The issue of misuse of resources of a company is quite widespread in companies, and its effects are immense bleeding companies a lot of money and property. This calls for the establishment of a mechanism to eliminate or control them. Companies should conduct extensive and intensive background checks on all the potential employees they want to hire to ensure they weed out those with questionable character and a history of fraud (Yang, 2001). Moreover, companies should ensure accountability permeates the entire departments of the organization and no position in the company has immense power to singlehandedly authorize particular actions without the consent of other people. Every position should be answerable to other individuals to curtail the possibility of people misusing their positions to steal from the company.

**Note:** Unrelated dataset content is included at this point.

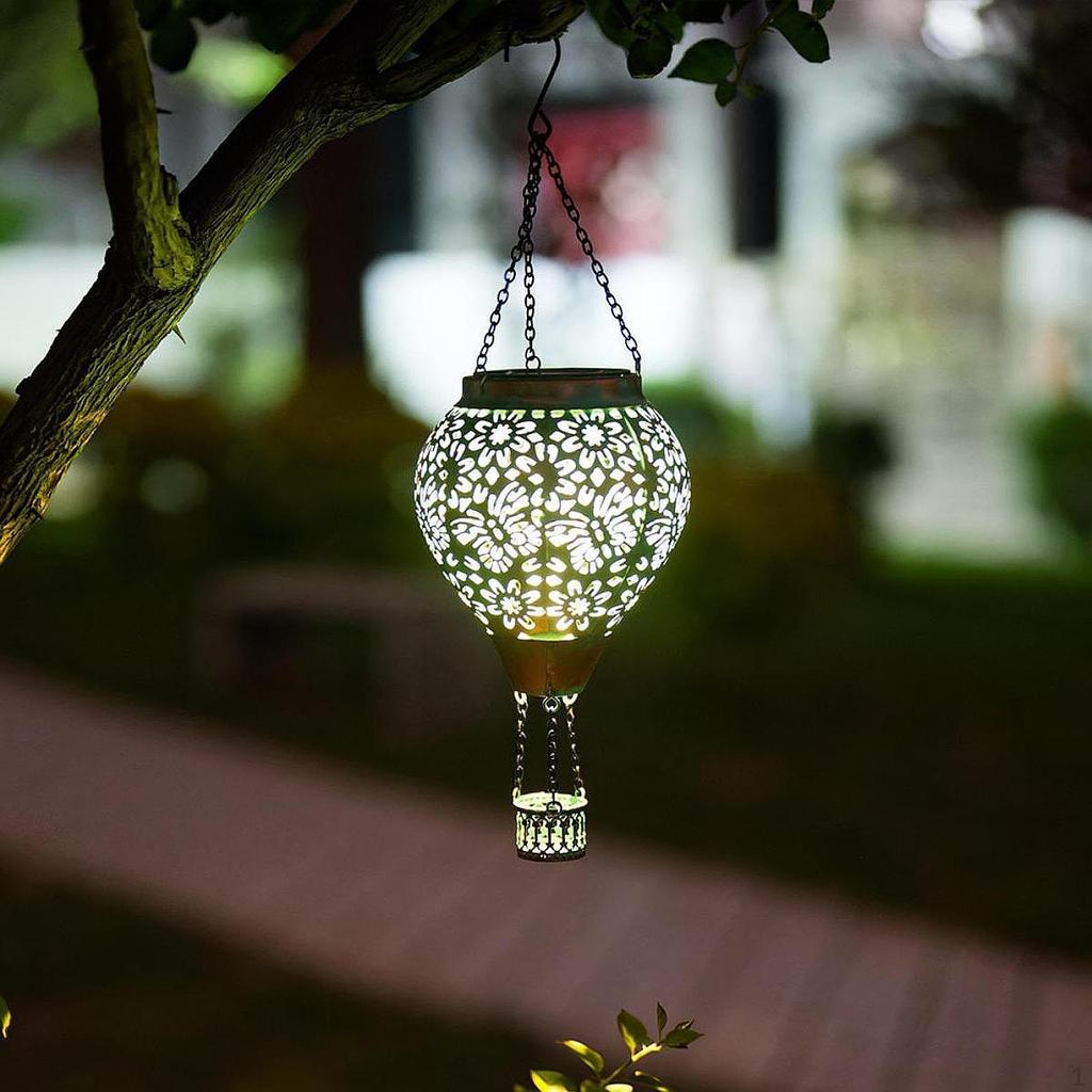 - 【Hollowed Out Pattern】Outdoor Solar Hanging Lantern with Hot Air Balloon Shape and hollow flower pattern, unique and very decorative, projecting a charming shadow at night

In addition to this, companies should hire independent entities specializing in providing security for the company from possible employee theft (Yang, 2001). The benefits that will accrue as a result of hiring this company to monitor the activities of the employees and abating employee theft far outweighs the loss the company is likely to incur as a result of persistent employee theft.
References
Christopher, D. A. (2003). Small business pilfering: the “trusted” employee (s). Business Ethics: A European Review, 12(3), 284-297.
Gottschalk, P. (2010). Categories of financial crime. Journal of Financial Crime, 17(4), 441-458.
Yang, K. (2001). Managing Human Behavior in Public and Nonprofit Organizations. Public Administration Quarterly, 25(3/4), 518.